Ce cas particulier de vieillissement après écrouissage concerne essentiellement les tôles minces laminées à froid et recuites, puis déformées par emboutissage, et peintes avec cuisson de la peinture entre 100 et 200
o
C.
Ce vieillissement après peinture (
bake hardening
en anglais et en abrégé BH) permet de combiner une mise en forme facile d’un acier à basse limite d’élasticité très ductile avec un durcissement notable de la pièce qui devient ainsi suffisamment résistante aux chocs.
Le développement de l’emploi des aciers à très bas carbone comme les aciers sans interstitiels (IF) ou les aciers à ultra bas carbone (ULC) qui sont très mous a rendu très utile ce mécanisme pour satisfaire les conditions de résistance à l’indentation dans l’industrie automobile.

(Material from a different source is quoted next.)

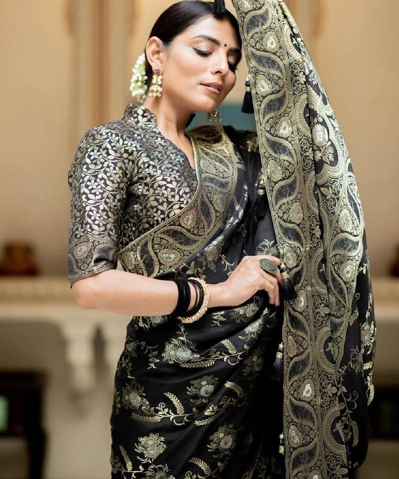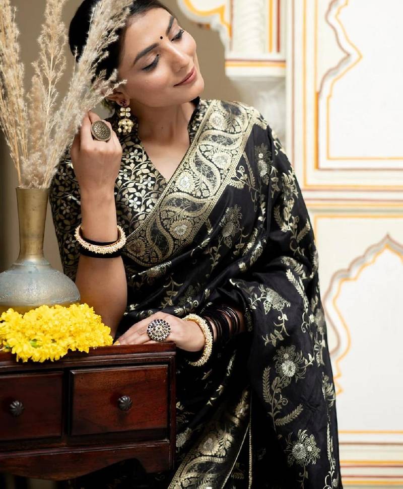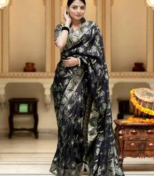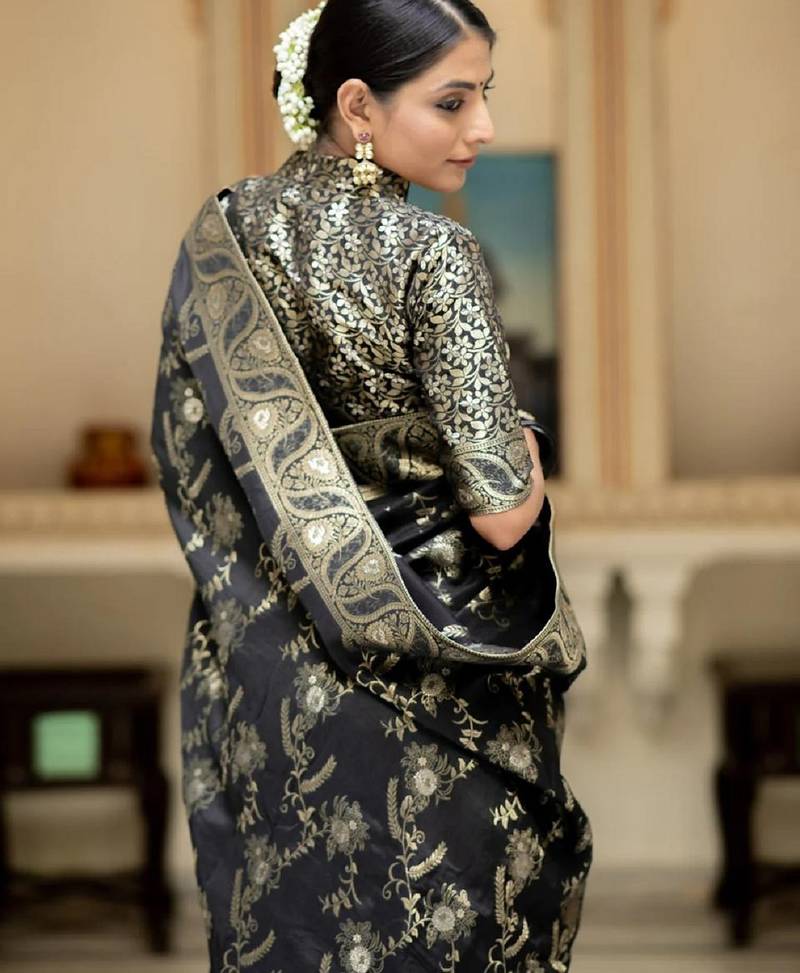 Black soft art silk banarasi jacuard work designer party wear saree with unstitched blouse piece

De plus il s’agit d’un durcissement quasi « gratuit » puisqu’il n’utilise que quelques ppm (parties par million) de carbone mais cet aspect doit être relativisé en raison des contraintes de fabrication dues à la précision nécessaire sur la teneur en carbone adéquate et les conditions spéciales de recuit qui entraînent des surcoûts.
Ce mécanisme peut s’appliquer également à certaines fabrications de boîtes en acier pour emballage.
Ce phénomène présente des aspects mécaniques et des aspects métallurgiques.
Nota :
Cet article constitue un complément à l’article
Vieillissement des aciers
(dans le même traité), que le lecteur consultera donc utilement.